My First Million · Episode Brief
if you didn't make progress in 2025, listen to the first 10 minutes
A late-year episode where Sam and Shaan get unusually personal about systems, self-narrative, and the mechanics of actual change.
The title oversells the first ten minutes and undersells the rest. What opens as a habits-and-systems conversation — 5-year journaling, the power of reminders, the compounding value of a good operating system — gradually turns into something stranger and more interesting: an honest examination of the voice in your head and what it's actually saying.
Shaan's 5-year journal segment is the most concrete thing in the episode. He describes keeping a journal where each day's entry is visible alongside the same date from prior years, which creates an automatic progress measurement that removes the distortion of memory. The structure forces comparison without effort, and comparison generates insight that pure forward-looking planning never does.
The 'three things that matter' section is more abstract but lands harder. Both Sam and Shaan have been doing this long enough to have arrived at personal philosophies about prioritization, and what they name as their actual three things is more revealing than any framework they'd present to an audience as advice.
The ChatGPT-as-money-coach segment near the end is where the episode becomes genuinely interesting in an unexpected way. Shaan describing an actual conversation he had with a language model about his money psychology — and finding it useful — is either a sign that AI coaching is ready, or a sign that he was willing to be honest with an AI in ways he's not willing to be honest in front of a human. Both possibilities are interesting.
The closing note — 'video is the native tongue of the internet' — is Shaan naming what he thinks is the most important career and distribution bet for the next ten years.
Key Ideas
- →Shaan's 5-year journal system surfaces progress measurements automatically by showing the same date across multiple years — removing memory distortion from self-assessment.
- →Shaan identifies a new career direction that's different from what he's been doing publicly — notable because he rarely discusses his own next chapter on the pod.
- →The 'three things that matter' framework forces an explicit naming of actual priorities rather than performing a list of values — what you name is more honest than what you aspire to.

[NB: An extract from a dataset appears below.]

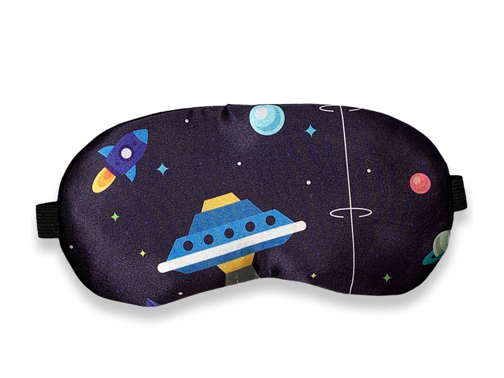 Farebná maska na oči na spanie s motívom vesmírnej lode. Pohodlná, príjemná na tvár a chráni oči pred svetlom. Maska má zároveň zábavnú funkciu pre deti.
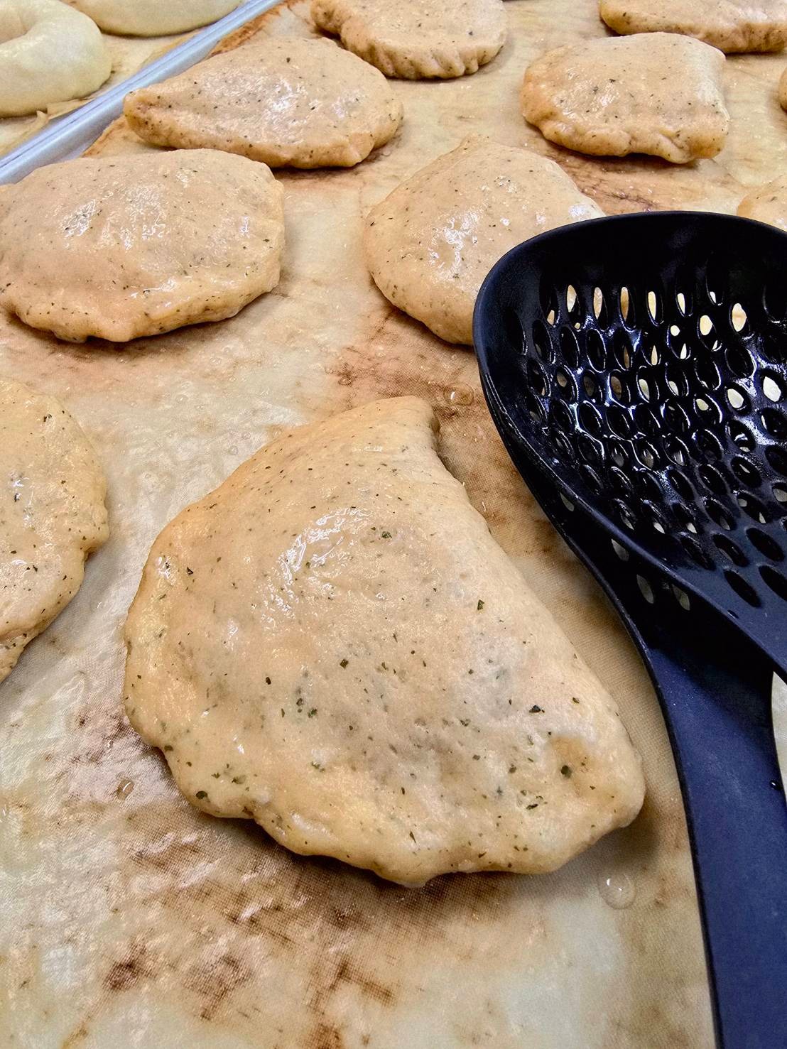 全体撮影時には真ん丸だったカレーベーグルが、會ベーグル22種セットの画像にチラリと見えています。

- →Shaan's real-time ChatGPT money coaching experiment surfaces a genuine question: whether AI is more useful as a financial interlocutor precisely because it removes social judgment from the conversation.
- →The claim that 'video is the native tongue of the internet' is framed as a durable structural bet about distribution — not a 2025 trend but a 20-year shift.
Worth Remembering
Shaan explaining his 5-year journal system — one of the most specific, immediately adoptable personal tools he's ever shared on the pod.
The ChatGPT money coaching session described in detail — an unusual admission of seeking financial clarity from an AI rather than a human advisor.
Shaan naming a new career path he's considering — a rare instance of him being genuinely uncertain and saying so.
'Video is the native tongue of the internet' as a closing thesis — stated with the confidence of a genuine conviction, not a trend report.